Bainbridge Island occupies a funny place in the local gestalt. Like its even more eccentric cousin, Vashon Island, Bainbridge sees itself as a world onto its own despite its proximity to Seattle. People live on Bainbridge to get a break from development and the big city. The environmentalist utopian retreat IslandWood makes its home here.
This mindset might help you understand the “girl in a tree” phenomenon that began last summer. In August, a 19-year-old college student named Chiara D’Angelo began camping out in a Douglas Fir in order to protest the development of a planned 72,000-square-foot-mall that would house a Walgreens and Key Bank. It’s the kind of shopping center that is utterly commonplace. Yet it roused ire on the island for the “mall sprawl” it would create and the 830 trees it would displace.
D’Angelo’s tree-sit—reminiscent of the grand environmental protests of the late ‘90s and early aughts and prompting coverage by “Good Morning America,” among other outlets– lasted only 36 hours. But an islander named Leif Utne, son of Utne Reader’s founder and an amateur musician, is trying to keep the momentum going. He wrote a song, called “Girl in a Tree” and recorded it in the professional-quality home recording studio of fellow islander Michael Belkin, who normally uses it for his band devoted to anti-vaccine activism. (See our former cover story profiling Belkin.)
Then Utne crowd-sourced a video set to the tune. In it, a cross section of islanders soulfully rock out while holding protest signs with such slogans as “no mall sprawl” and “support local businesses.”
“We’re not backing down cause our island is on sacred ground,” croons Utne. He and his supporters have a plan of attack that includes a petition threatening a boycott of the mall, which is to be developed by an Ohio firm called Visconsi, So far, Utne tells Seattle Weekly, 700 people have signed.
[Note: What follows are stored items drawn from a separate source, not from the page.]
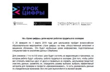 С 25 февраля по 1 марта 2019 года для школьников пройдет всероссийское образовательное мероприятие «Урок цифры» на тему «Искусственный интеллект и машинное обучение». -
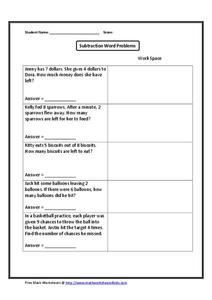 Subtraction word problems are the focus here. Learners are given 15 simple, one-step subtraction problems to solve. Some of them require subtracting money, others use inches and feet, while others use standard numbers. An excellent...
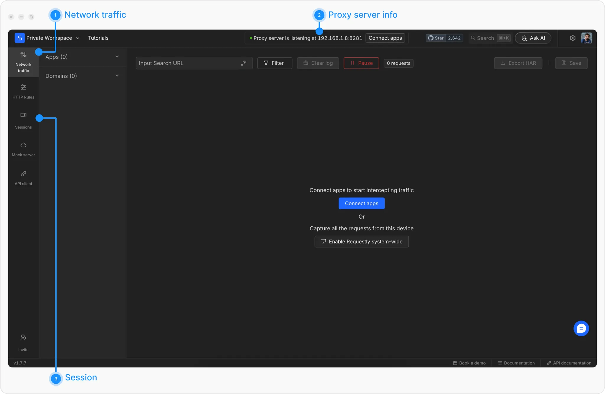 Proxy Server Indicator — The Proxy Server is listeningbar indicates that the proxy server is running on the Desktop App. It is used to intercept traffic from the various places mentioned above and display it in the Network Traffic table. Clicking theConnect appsbutton provides options to connect to browsers, desktop apps, mobile simulators, mobile apps, and more.
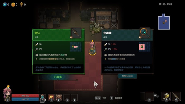 一直往前打败怪物,有个宝箱,打开获得斩击之刃,打开I可以查看角色信息。

Good luck to them stopping the forces of development. As Seaettlites well know from the current building frenzy, it’s not easy. Maybe Bainbridge isn’t such a different world after all.
Utne, though, says he’s seeing headway. “Last Tuesday, the city council asked the city manager to inquire with the developer about building a planned new police station on a portion of the mall site. Many of us boycott-supporters could get behind that idea, as it would replace some of the planned mall.” That, he says, would make it easier to rally support for others uses on the site, like a park or teen center.